Sabía cual era su intención. No me gustaba, ¿pero qué otra cosa podía hacer? ¿Atacarle? Naturalmente, échate sobre él.

—Venga, compañero —susurró.

Atravesamos la amplia sala, con cuadros en sombras colgados de la pared. Sobre uno de los cuadros había una luz encendida. La pequeña lámpara había sido instalada especialmente para el cuadro y resplandecía en la habitación en penumbras, iluminando un violento contraste de colores chillones. Producía la impresión de que el artista se había colocado a tres metros de la tela y había arrojado bolas de pintura contra ella con una honda. Cualquier color que tuviese a su alcance, y sin que importara dónde hacía impacto.
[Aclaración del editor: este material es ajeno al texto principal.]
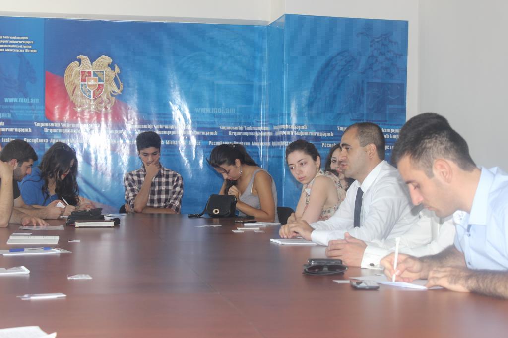 Այնուհետև ուսանողները հանդիպել են նաև Նախարարության համակարգի իրավական ապահովման վարչության պետ Նորայր Բալայանին:
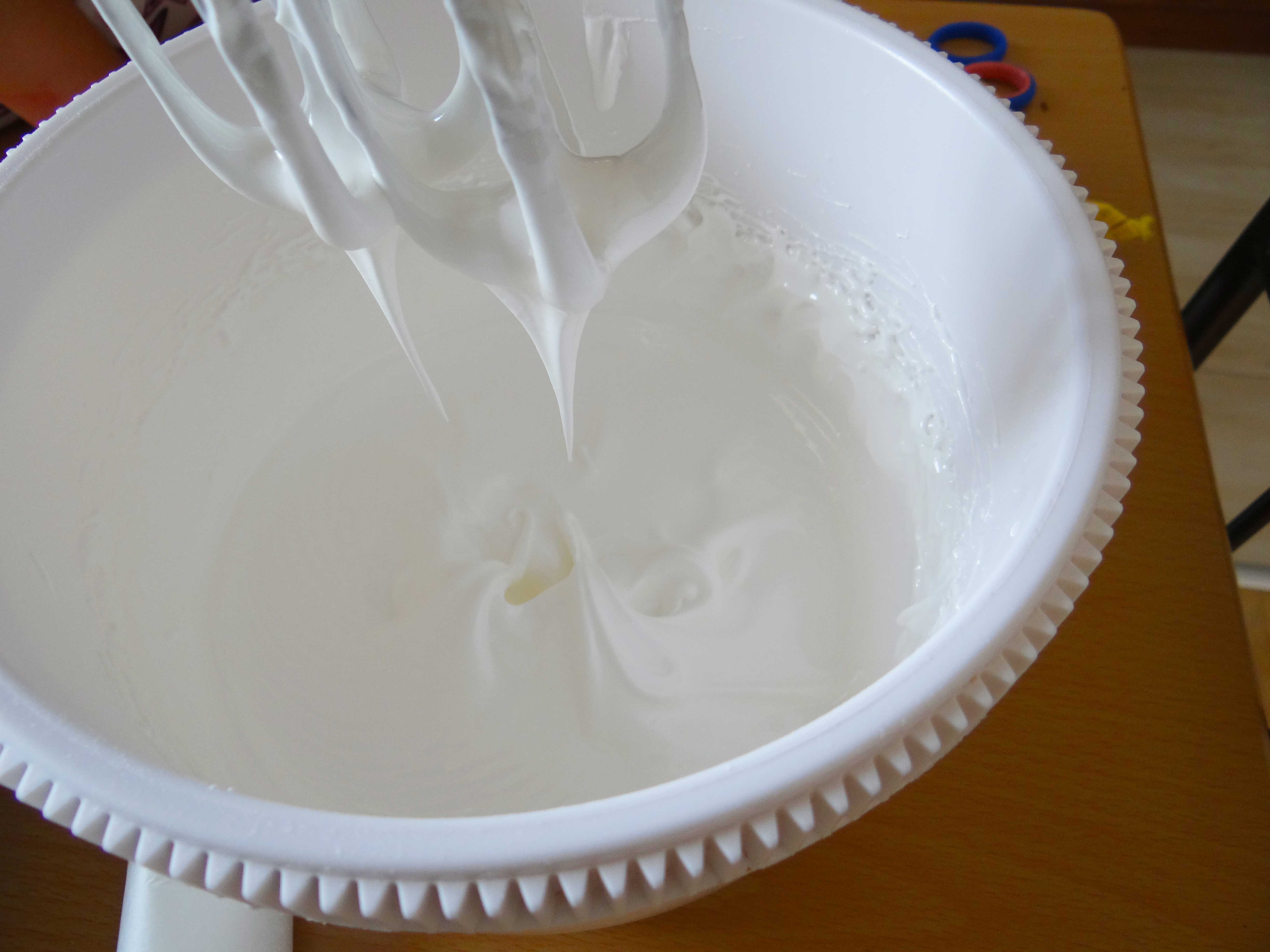 3. Batem albușurile cu un mixer, când acestea se întăresc începem să punem câte o lingură din zaharul pudră. După ce am pus tot zaharul, mixăm circa cinci minute, până când spuma devine lucioasă. Adăugăm amidonul şi sucul de lămâie, apoi mai mixăm un minut.

Pasamos por la sala y después atravesamos un pequeño recinto en el que había macetas con plantas gomeras y helechos. Finalmente llegamos a la habitación en la que estaba el piano.

Era efectivamente un cuarto inmenso, con sillones a lo largo de los ventanales. Sobre aquellos se apilaban en distintos lugares los almohadones. Había una biblioteca adosada a la pared correspondiente a la puerta por la que entramos. El resto del perímetro estaba ocupado por los ventanales. Había un gran combinado, abierto, con montones de discos apilados sobre él. Vimos más discos diseminados por el piso, junto a álbumes abiertos.

Angers entró directamente a la habitación y se encaminó hacia el piano.

La niña levantó los ojos y le vio. Después me descubrió a mí, y volvió a mirar a Angers y dejó de tocar.

—Continúa —dijo Angers.

La niña tragó saliva y vi que era lo bastante grande como para asustarse. Observó la pistola que él empuñaba y volvió a tragar saliva, sin moverse de donde estaba. Abrió la boca para decir algo, pero no consiguió articular ningún sonido.

—Toca —insistió Angers—. No te detengas, pequeña. Sigue tocando. Quiero oír cómo lo haces.